# Hawke Frontier Ed's?



## toymanator (Dec 29, 2010)

I have a pair of 10x42 Nikon Monarch's and am looking at purchasing another pair of binos. My wife has started to come and spot with me :thumbs: and she has noticed the difference in her cheaper binoculars. I have been looking at the sub $500 price range and have heard from some hunting buddies that they absolutely love the Hawke Frontier Ed 10x43's. Does anyone on here have any experience with Hawke Frontiers? I like the pricepoint and the fact that they have a tripod mount, heard good things about the glass. Thought I would see if anyone has any perspective.


----------



## wildliferyan (Jul 31, 2010)

I got my nikon monarchs off of camofire.com . They sometimes have great deals. They usually only have 5 things up at a time. But everything is normally around 50% off. Great gear. I have got a lot of my camo from there as well.


----------



## wildliferyan (Jul 31, 2010)

I love nikon stuff for the price. Another cheaper good brand is vortex. My brother absolutely loves vortex.


----------



## nocturnalenemy (Jun 26, 2011)

I have heard good things about the Hawke scopes on some of other forums. Seems like they compare pretty well to the Vortex Viper HDs, though they are quite a bit heavier. I'm not sure where they're made, but if they're Chinese, I think you can probably find some better Japanese glass or used Euro glass for similar money. No experience using them though.

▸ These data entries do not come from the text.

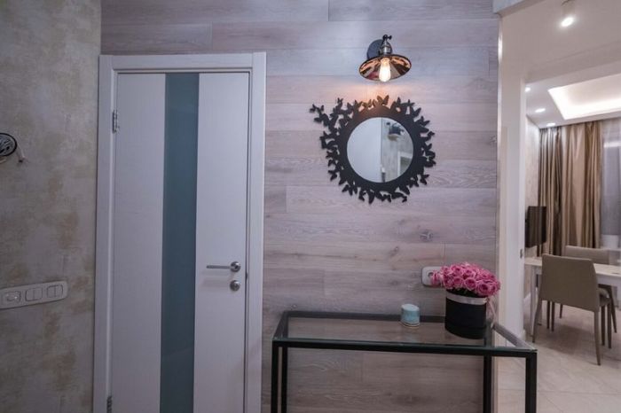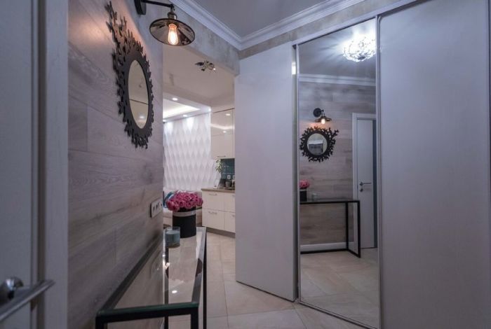 При входе в квартиру удалось создать хоть небольшую, но все-таки прихожую, в которой получилось организовать полноценную гардеробную. Учитывая, что квартира имеет совсем небольшую площадь, выделение зоны хранения позволит избежать нагромождения мебели в спальне и гостиной. Как ни крути, но каждая семья со временем обрастает большим количеством личных вещей и дополнительной техникой, поэтому наличие скрытой гардеробной никому не помешает. В этом же случае было решено ее спрятать за зеркальной раздвижной дверью, чтобы визуально увеличить крошечное пространство и обеспечить прихожую зеркалом во весь рост.
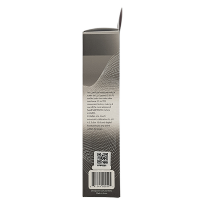 The COM-300 is a professional grade level pH/EC/TDS/Temp meter ideal for all water quality testing, hydroponics, water purification applications, wastewater regulation, aquaculture, colloidal silver, labs & scientific testing, pools & spas, ecology testing, boilers & cooling towers, water treatment and more.
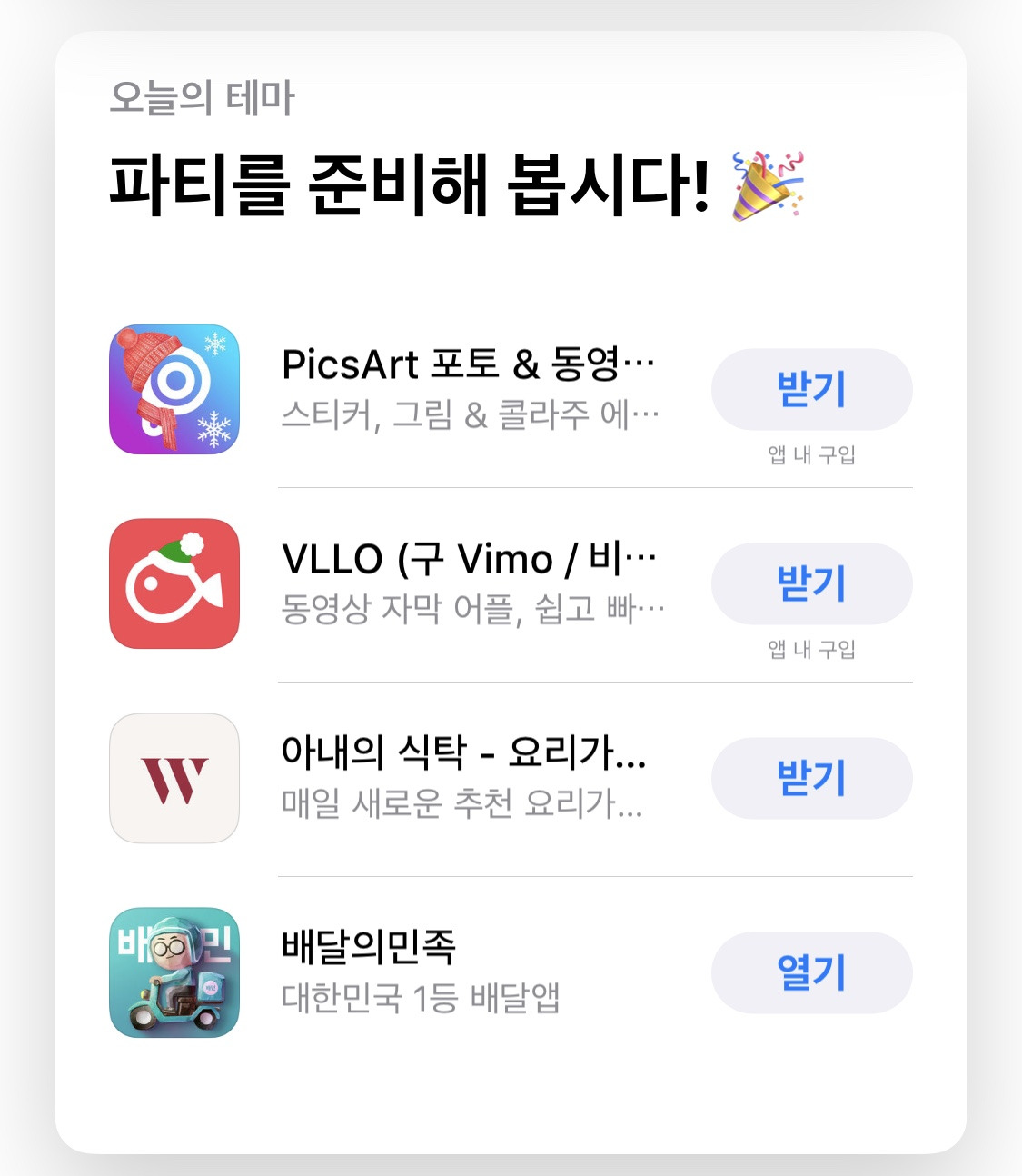 b. 앱스토어의 투데이 코너에서는 요렇게 파티 관련 앱들을 큐레이션
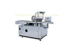 This machine adopts method of conveying bottles through big starwheel, to-and-fro tracking filling and three knives capping. It can automatically finish procedures such as bottle orienting, bottles conveying, filling, cap orienting, capping and etc. It can be equipped with glass pump, metal pump, ceramic pump or peristaltic pump as customer's request
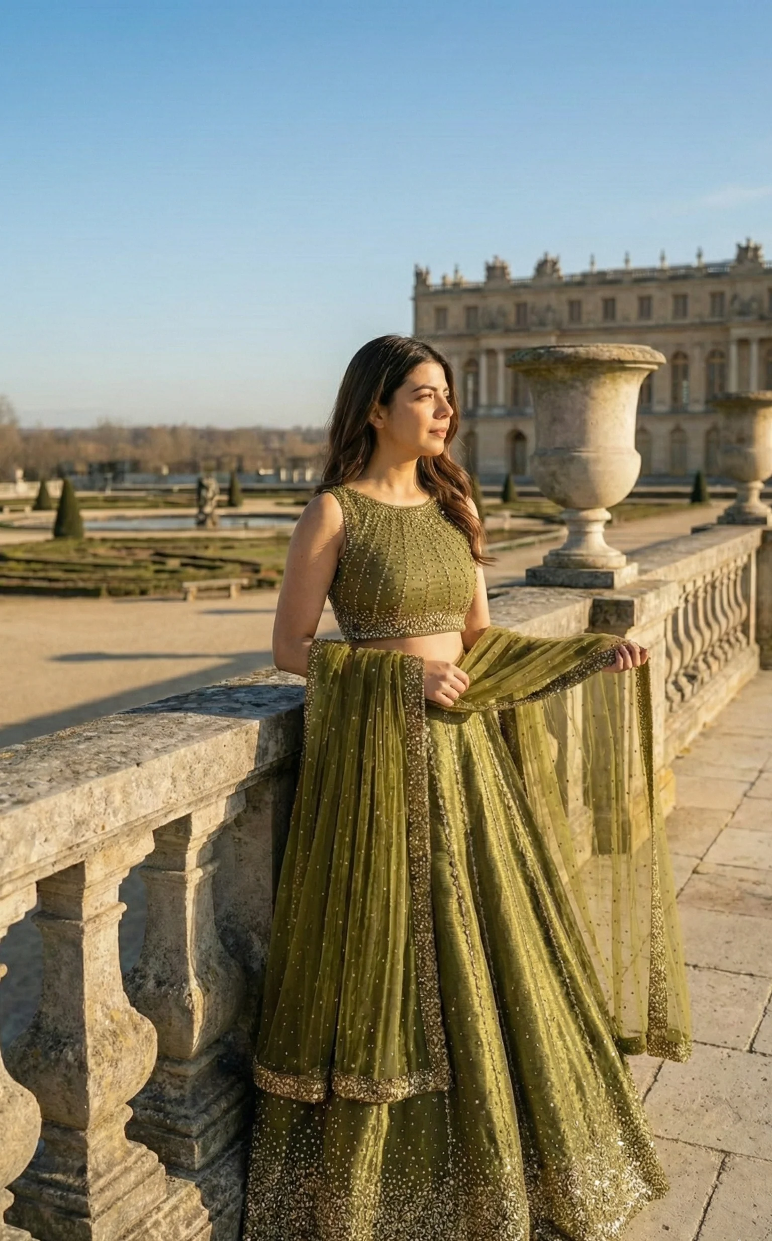 Embrace the earthy allure of The Aranya. This captivating ensemble is crafted from Heavy Thai Silk, chosen for its smooth, structured drape and opulent finish. The highlight of this piece is the intricate Sequins Work that catches the light with every movement, mimicking the glimmer of sunlight through leaves. With a generous 3.5-meter flair and attached can-can, the lehenga holds a regal, voluminous shape that commands attention. Paired with a heavily detailed blouse and a shimmering net dupatta, this set balances traditional grandeur with a fresh, couture aesthetic.

I've got a pair of upper end Leupolds that compare really well with the sub $500 glass that I've listed on here for sale. These were my backup pair while my others were sent in for cleaning. Good glass. You can find my ad in the trading post. PM me if interested.


----------



## morvlorv (Mar 30, 2012)

i have a Hawke rifle scope, and I have nothing but great things to say about it, to the extent that when I get a new pair of binocs, I am going to give the hawkes a try.


----------



## carsonc1974 (Jul 23, 2012)

Check out Zenray. J Have Some HD primes, And My BIL has some ed3's both of us are happy


----------



## toymanator (Dec 29, 2010)

Had to post an update, I went to Cabela's and spent an hour and a half at the optics counter. It was on a day they said was "women's appreciation day" they gave my wife a lanyard and said anything she purchased they would give her employee pricing. This meant she ended up spending much more time at Cabela's than she bargained for... The "employee pricing" had more significant discounts on some items than others and optics wasn't enough to sway me. However I had enough buyers remorse that I ordered a pair of the Hawke Frontier ED's the next day. After leaving Cabela's I called a friend of mine who guides and has a pair of each (the Nikon Monarch's and Hawkes) For the price I can say it is hard to beat what you get with the Hawke Frontier's. The materials are comparable to the Nikon's I have and they actually outperform my Nikon's in low light. All that being said, I am still a big fan of Nikon's but for the money I am very pleased with my Hawke Frontier 10x43 ED's.


----------